The `search` API also enforces ACL filtering and, when `temporal_track` is compiled in, attaches RFC3339 timestamps and date mentions to each hit's metadata [Source: [src/memvid/search/api.rs](https://github.com/memvid/memvid/blob/main/src/memvid/search/api.rs), [src/memvid/search/tantivy.rs](https://github.com/memvid/memvid/blob/main/src/memvid/search/tantivy.rs)].

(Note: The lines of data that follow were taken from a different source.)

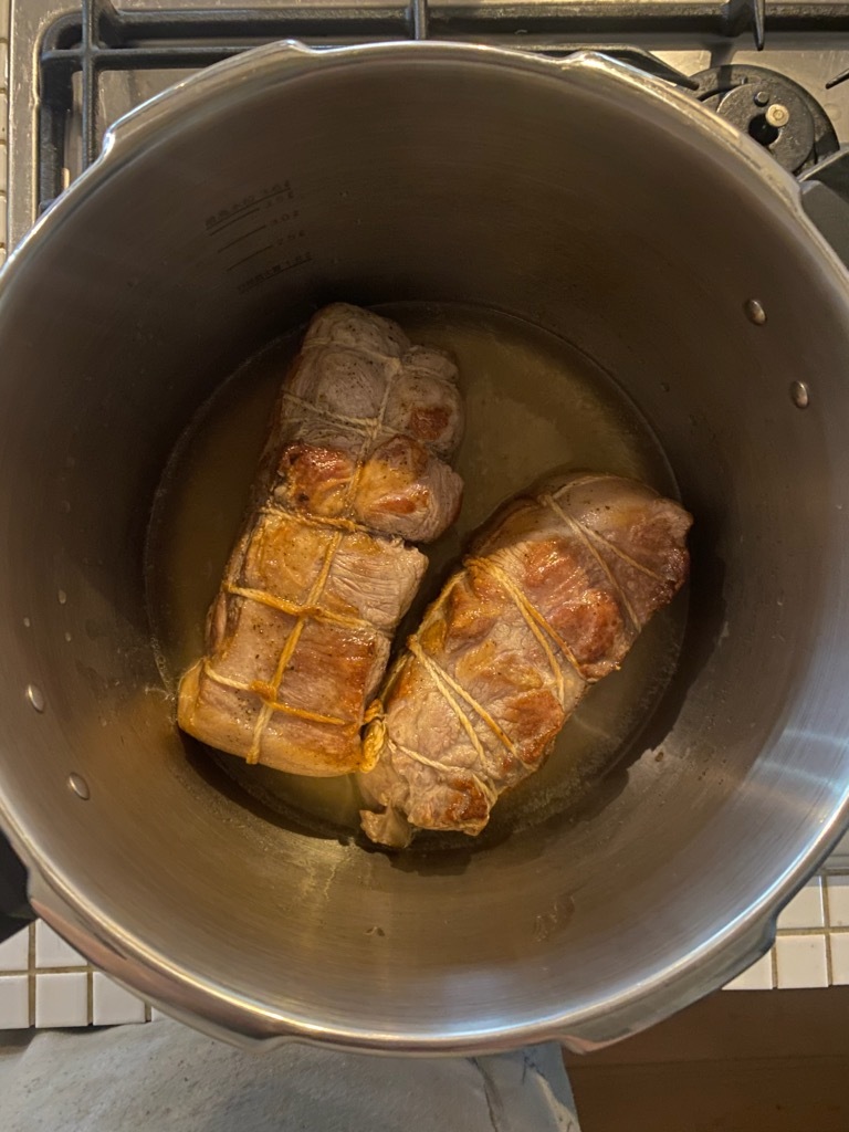圧力鍋に1を入れて水を加えたら蓋をして火にかける。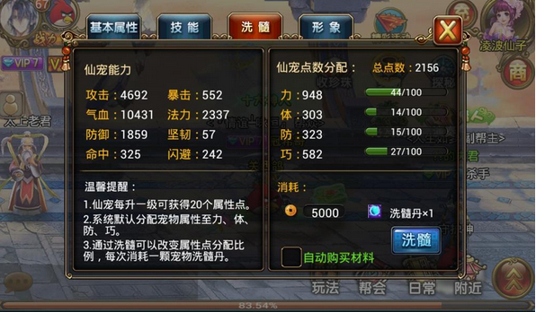 仙宠攻击、气血、法力等数值会随着属性变化而增减。由于给仙宠洗髓后,属性的分配比例是随机改变的,所以玩家没办法详细指定分配的比例,只能够选择大致的方向,然后等待洗出想要的结果。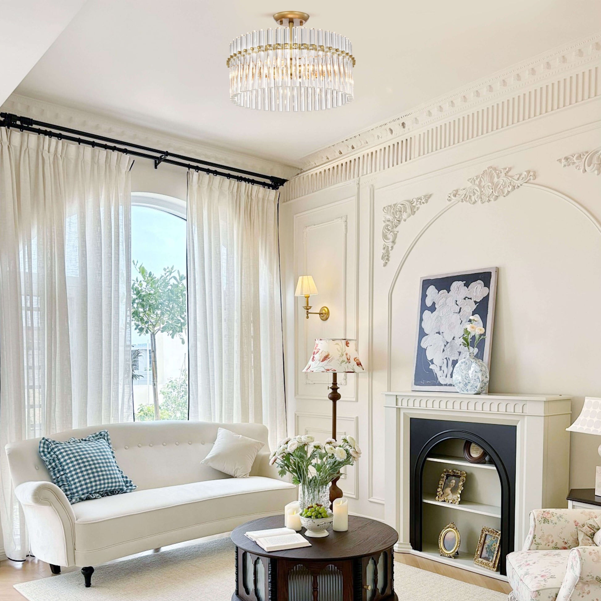 Ce plafonnier à 4 lumières allie modernité et luxe. Son cache-piton rond et son anneau sont en métal finition laiton brossé. Un anneau soutient les tiges de cristal, apportant une touche glamour à votre espace de vie. Les quatre ampoules candélabres de 60 W (vendues séparément) sont à peine visibles et diffusent une lumière subtilement reflétée par les cristaux scintillants. Compatible avec les LED, ce plafonnier est conçu pour les endroits secs et humides, vous permettant ainsi de l'installer pratiquement partout.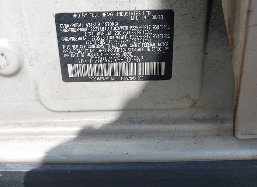 - VIN: JF2GPAKCXE8206962

## Indexing, Analysis, and Time-Aware Enrichment

Three indexing engines can be active simultaneously, and the capsule decides which to use per query:

- **Tantivy lexical engine** — created in a temp directory with a single-writer thread for deterministic index generation; documents are tokenized, stemmed, and stored with frame id, timestamp, tags, labels, track, and URI fields [Source: [src/search/tantivy/engine.rs](https://github.com/memvid/memvid/blob/main/src/search/tantivy/engine.rs)]. Search uses stemmed tokens so that the index and query analyzers agree [Source: [src/memvid/search/tantivy.rs](https://github.com/memvid/memvid/blob/main/src/memvid/search/tantivy.rs)].
- **Lex BM25 fallback** — used when Tantivy is unavailable; computes matches and snippets directly from the embedded lex index [Source: [src/memvid/search/fallback.rs](https://github.com/memvid/memvid/blob/main/src/memvid/search/fallback.rs)].
- **HNSW vector index** — built incrementally as embeddings arrive; `build_vec_artifact` reuses the prior index entries that point to active frames and adds new ones [Source: [src/memvid/search/builders.rs](https://github.com/memvid/memvid/blob/main/src/memvid/search/builders.rs)].

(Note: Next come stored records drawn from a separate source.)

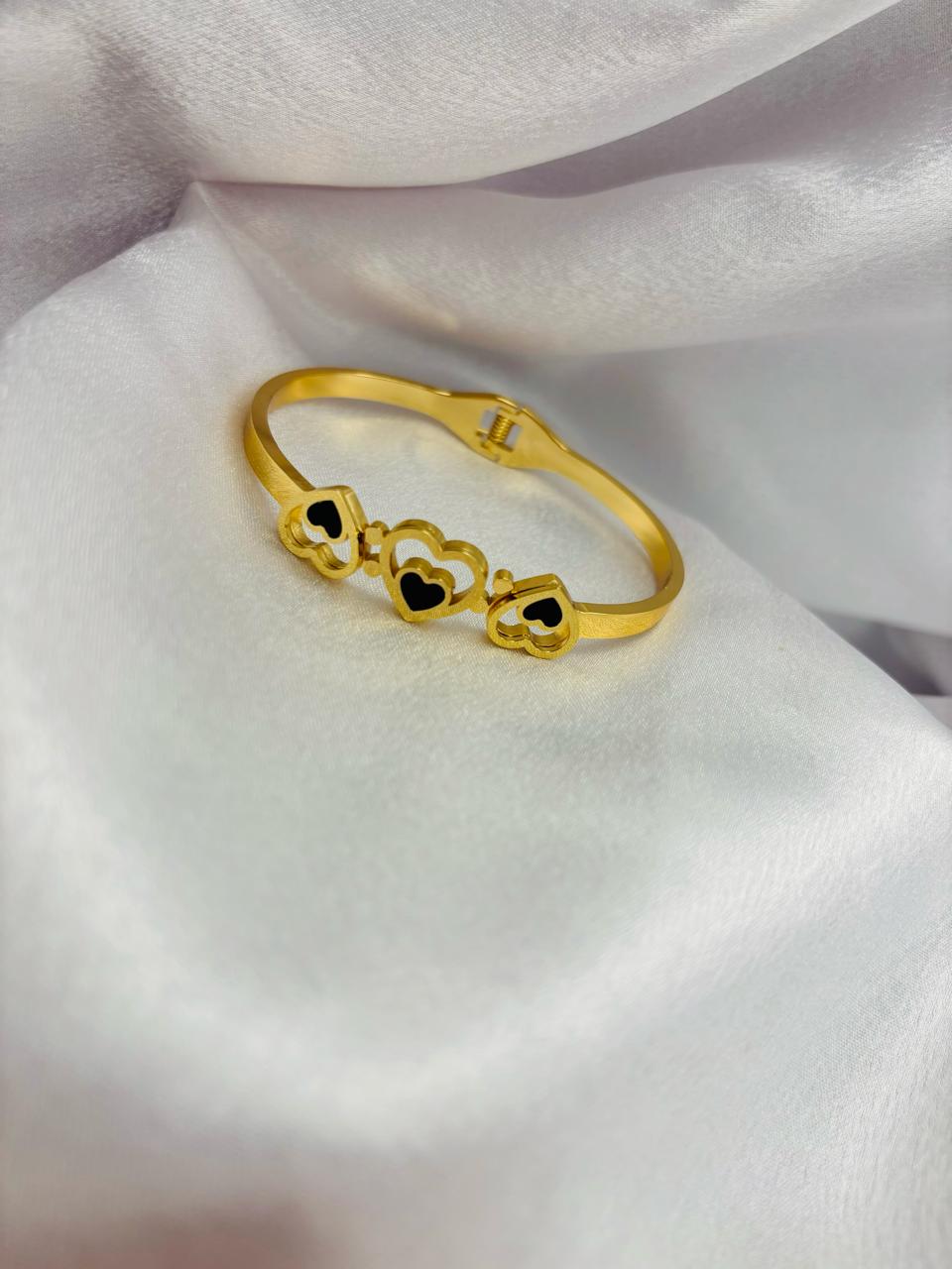 Celebrate elegance and love with this beautifully crafted gold bracelet, featuring three heart motifs accented with bold black enamel. The sleek kada-style design offers both durability and sophistication, making it a perfect accessory for everyday wear or special occasions. Its modern yet timeless appeal makes it a versatile piece to complement any outfit.
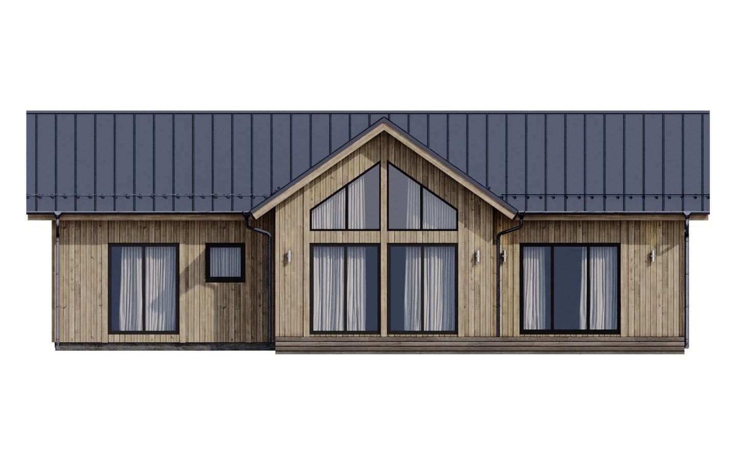 - Комплект несущих силовых элементов заводского изготовления (балки межэтажного перекрытия LVL-брус, балки и столбы из клееного бруса и/или LVL-бруса, фермы на металлозубчатых пластинах MITEK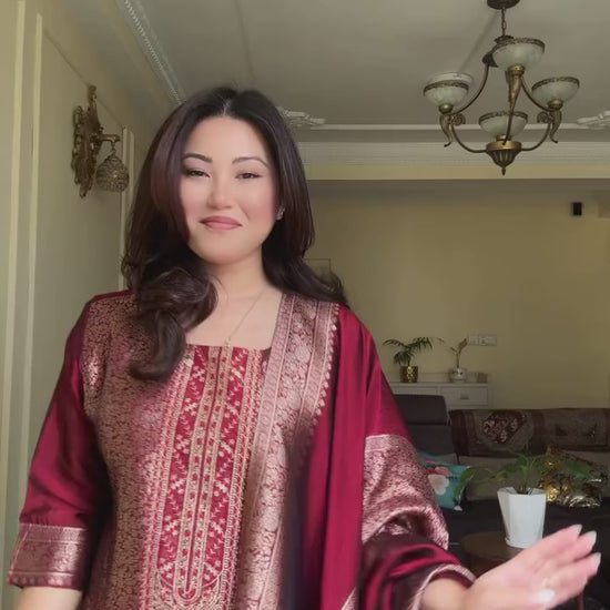 Beautiful Suit Sets in pure Banarasi Suit Set Top pent with duppta with jcard wiving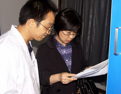 图1:认证专家(右)在检查检验记录。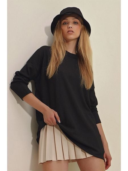 – z dodatkiem bawełny- dekolt: okrągły- krój rękawów: nietoperz- krój: oversized- dolny brzeg: z rozcięciem- look: jednokolorowy

Index artifacts are produced via `LexIndex::decode` and `VecIndex::decode` after their respective builders finish, then attached to segments in the capsule footer [Source: [src/memvid/search/builders.rs](https://github.com/memvid/memvid/blob/main/src/memvid/search/builders.rs)].

Analysis runs alongside indexing and is exposed through the `analysis` module [Source: [src/analysis/mod.rs](https://github.com/memvid/memvid/blob/main/src/analysis/mod.rs)]:

- **NER (`ner.rs`)** — loads an ONNX session and a Hugging Face tokenizer, pads to the longest in batch, and decodes logits of shape `[1, seq_len, num_labels]` into `ExtractedEntity` records with byte offsets and a configurable `min_confidence` [Source: [src/analysis/ner.rs](https://github.com/memvid/memvid/blob/main/src/analysis/ner.rs)].
- **Auto-tagging (`auto_tag.rs`)** — lowercases tokens, drops short words and a hard-coded stopword set, counts frequencies, and returns the top-N labels. It also derives title-case phrases from line-anchored `^([A-Z][A-Za-z0-9 &/-]{3,})$` patterns to seed human-readable labels.
- **Temporal enrichment** — gated behind the `temporal_track` and `temporal_enrich` features, surfaces RFC3339 timestamps and detected date mentions per hit.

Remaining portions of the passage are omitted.